None of the party's MPs were in the debating chamber when Willis began her speech, they were outside with thousands of Māori protesters who had marched to Parliament.

"We continuously allow this House to assume that it has sovereignty and absolute superiority over Māori," Waititi said.

"Today, we made a declaration, in the name of our mokopuna, that we would no longer allow the assumption of this Parliament to have superiority, or sovereignty, over iwi Māori.

"Here is your problem. You have created the colonial trauma, the colonial violence, and what you do is then you reward yourselves by ensuring that you fund yourselves on the trauma that you created amongst our people.

"And then you have the absolute cheek to think you can rehabilitate us."

Waititi said that was going to stop.

"Today, we have started the revolution in regards to us organising ourselves."

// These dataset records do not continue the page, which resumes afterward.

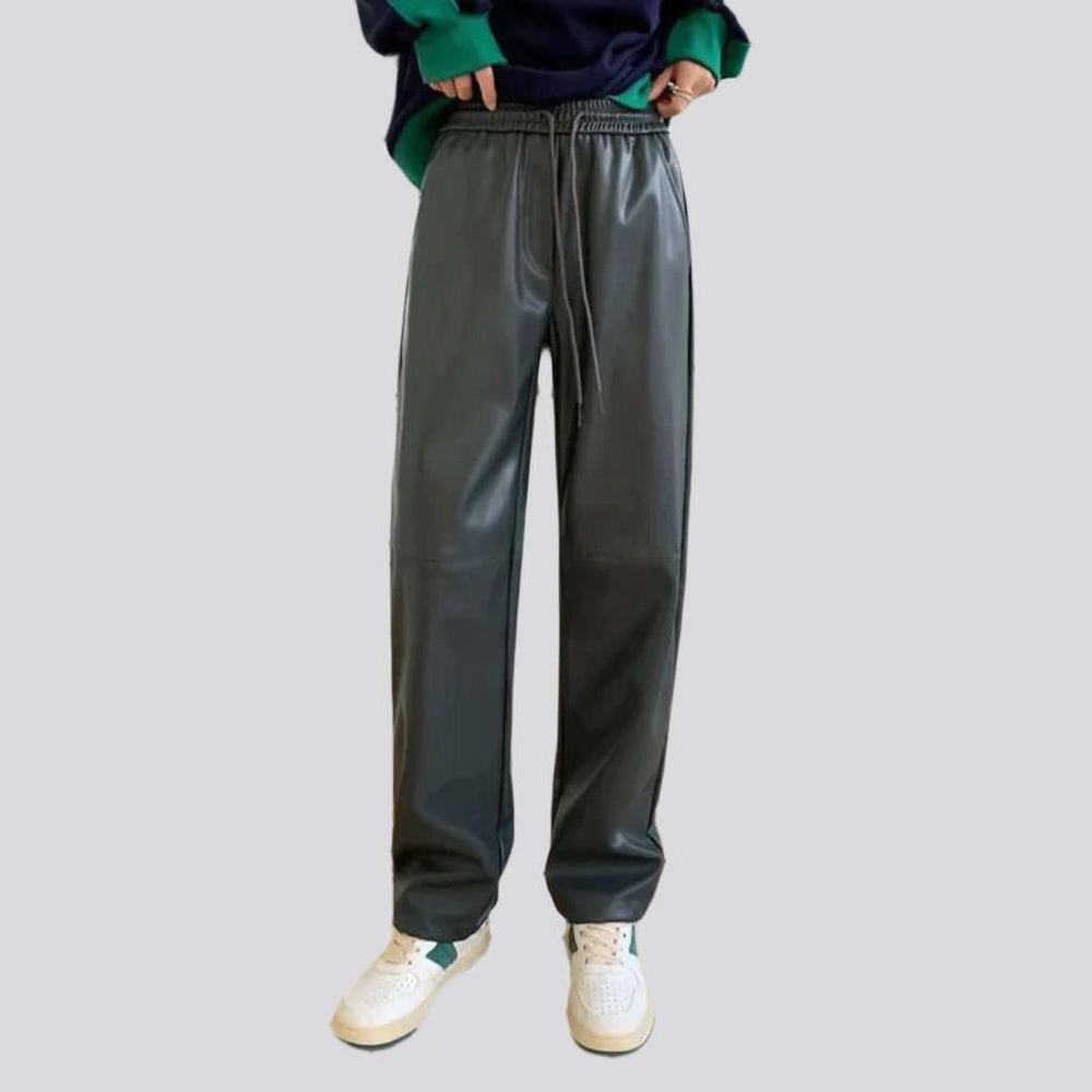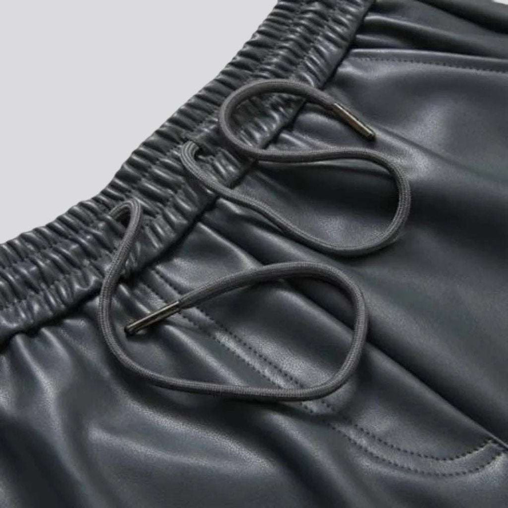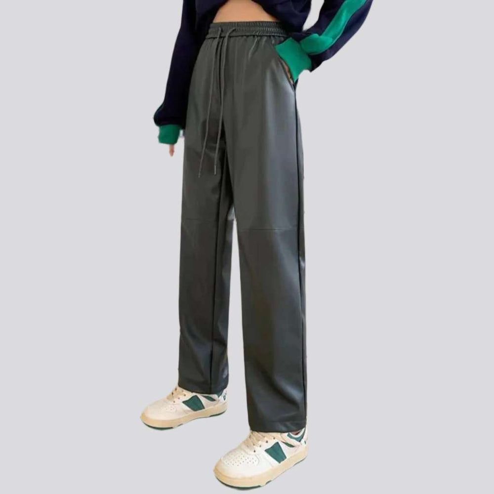 Defy vogue conventions with our 2023 Spring-Summer Collection Y2K-style pu-coated denim ladies' pants! Featuring a elevated-waisted. loose fit. drawstring closure and a unique wax finish. these pants are sure to make a statement and turn heads wherever you go.
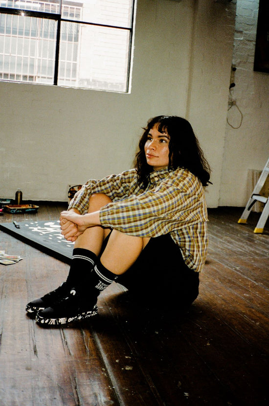 This collaboration brings Aretha’s art into an everyday context, transforming her visual language into something wearable and expressive. The pieces act as an extension of the stories she paints across walls around the world, inviting people to carry that sense of culture, creativity and narrative with them wherever they go.
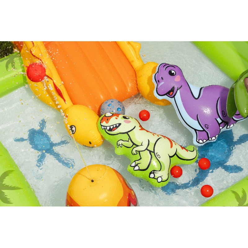 Hergestellt aus strapazierfähigem PVC, ist das Spielcenter stabil, langlebig und für Kinder ab 2 Jahren geeignet. Es bietet Platz für bis zu 3 Kinder gleichzeitig und kombiniert Planschspaß mit kreativen Wasserspielen und Dinosaurier-Themen.
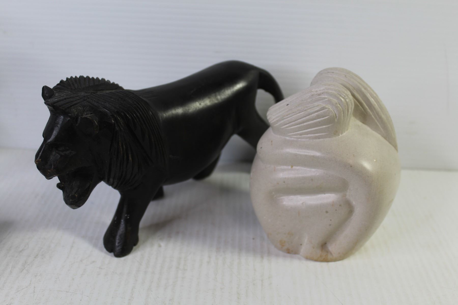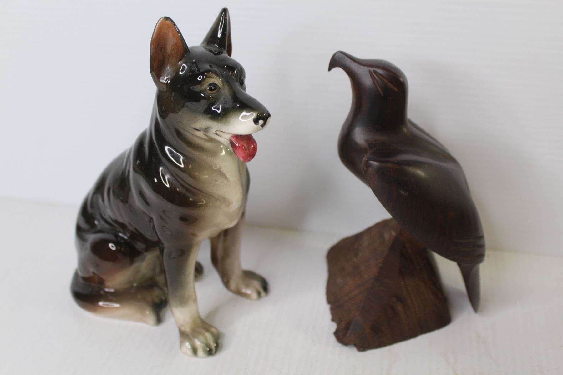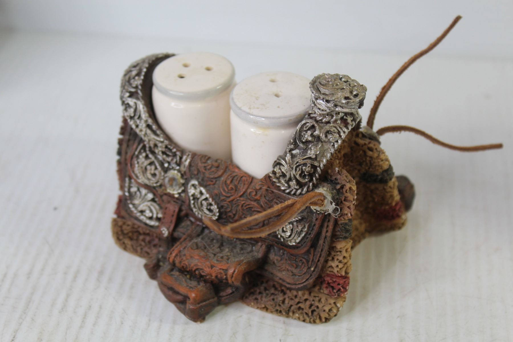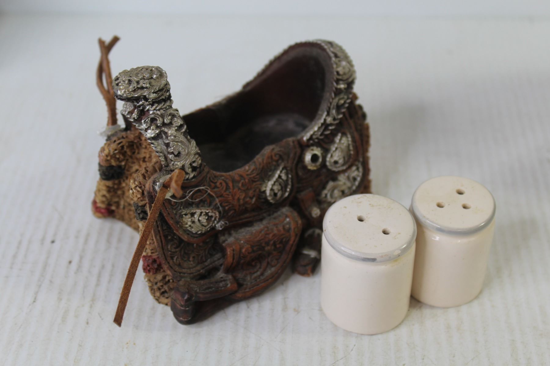 (2) Iron Wood Carvings - Ceramic Dog - Stone Type Carving - Saddle Salt & Pepper Shakers
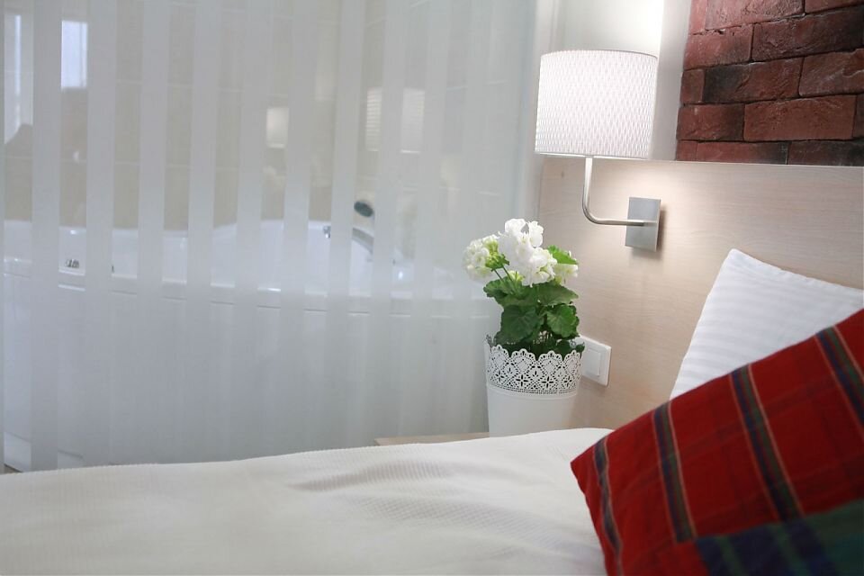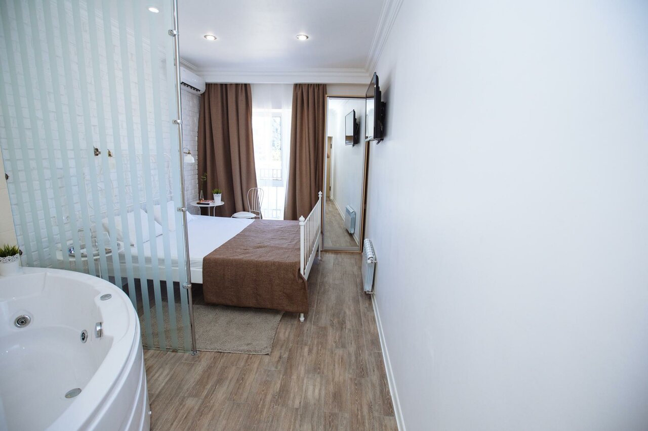 номер повышенной комфортности с одной двуспальной кроватью с гидромассажной ванной в комнате
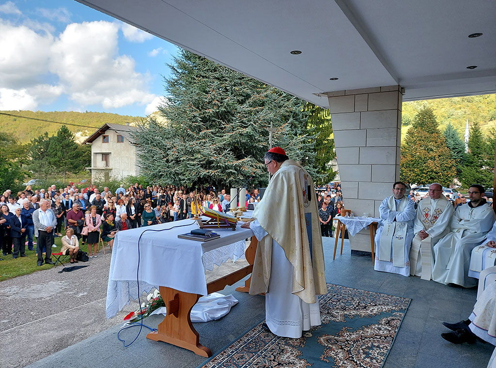Nakon svetopisamskih čitanja i naviještenoga Evanđelja, kardinal je na početku homilije sve pozvao da zahvale Bogu za lijep dan koji je providio za proslavu patrona župe. Zatim je progovorio o Sv. Maloj Tereziji istaknuvši kako je ona obećala da će „sipati iz neba ruže svojim zagovorom“. „Zato obično i blagoslivljamo ruže uz njezin blagdan. A zapravo to simbolizira one milosti koje nam ona isprosi. Ona je dakle zagovornica i svi joj se preporučamo u svojim potrebama. Ali danas na poseban način, uz njezin zagovor, želimo i učiti od Sv. Male Terezije“, rekao je nadbiskup Puljić, te izdvojio neke karakteristike svetičina lika i djela koje smo kao vjernici pozvani nasljedovati. „Ona svojim riječima i djelima daje snažnu poruku cijeloj Crkvi (…) Ostala je rano bez majke i bila je vezana uz oca i otac je bio povezan s njom, ali nije bio navezan. On joj daje dozvolu da ide u samostan. Ovdje bih se zaustavio pred jednim mojim pastirskim iskustvom. Doživljavam da mnogi roditelji ne znaju pomoći djeci da odrastu, da postanu samostalni, da pođu u život odgovorno. Roditelji ostaju navezani na dijete i ne daju mu sazrjeti (…) Neka dijete nauči da se ne može svaka njegova želja ispuniti. Danas na poseban način moramo naučiti kako odgojiti za žrtvu. Tajna je u ljubavi“, snažno je pozvao vrhbosanski nadbiskup.
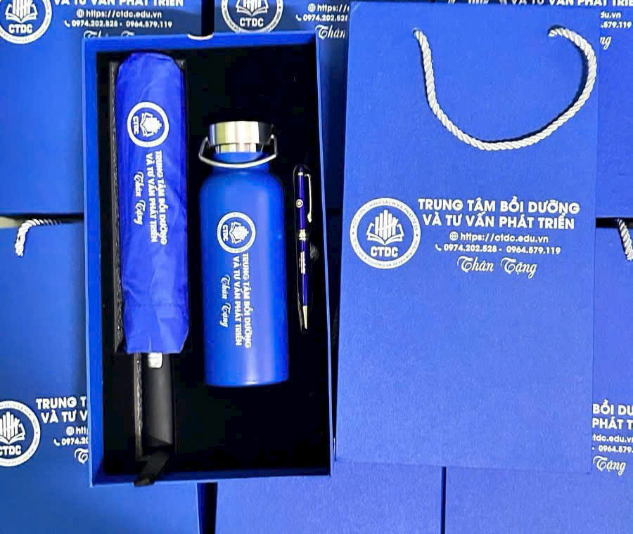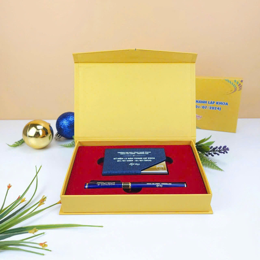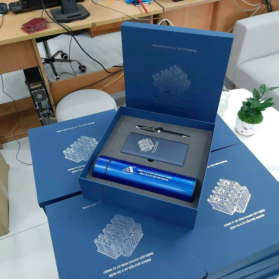Các set quà tặng cao cấp như sổ da, bút ký, bình giữ nhiệt được đóng gói trong hộp quà sang trọng luôn là lựa chọn hàng đầu. Ngoài ra, các set quà công nghệ như sạc dự phòng, USB hoặc loa mini cũng đang rất được ưa chuộng.
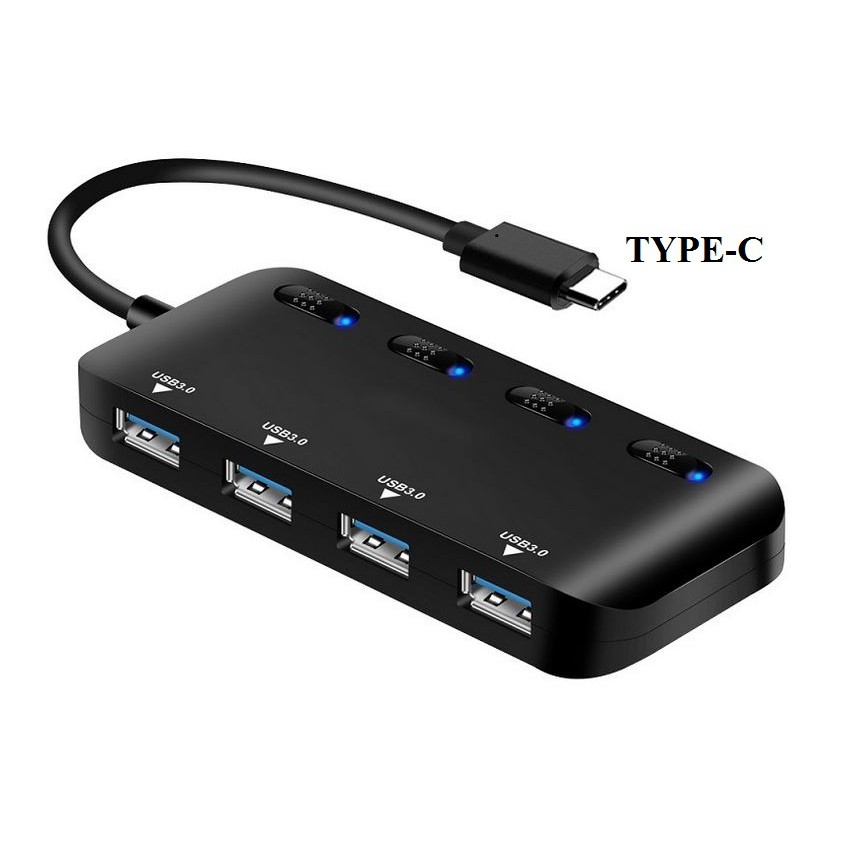Bộ chuyển đổi từ Typec sang 4 USB 3.0 có công tắc và đèn led Ultraslim kết nối USB chuột bàn phím tay game ổ cứng...
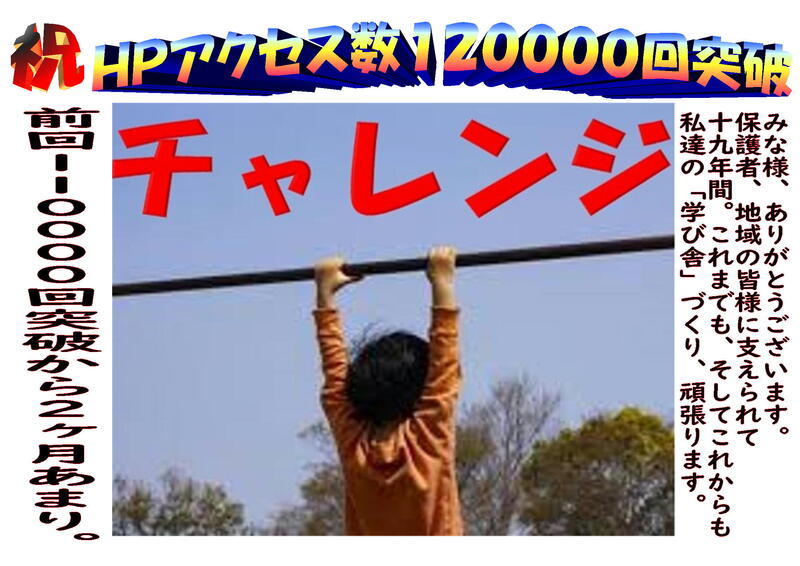 HPアクセスが、120,000回を突破しました。前回110,000回突破から2ヶ月あまり。

The party also issued a media statement in which it said: "We now begin the process of establishing our own Parliament. Our people will design what it looks like, nobody else."

Waititi will need to fill in some details on that before the numerous questions that arise can be answered. One would be in which parliament he and his MPs would sit, or would it be in both? Another would be how its members are to be elected, and who would pay for it.

*Peter Wilson is a life member of Parliament's press gallery, 22 years as NZPA's political editor and seven as parliamentary bureau chief for NZ Newswire.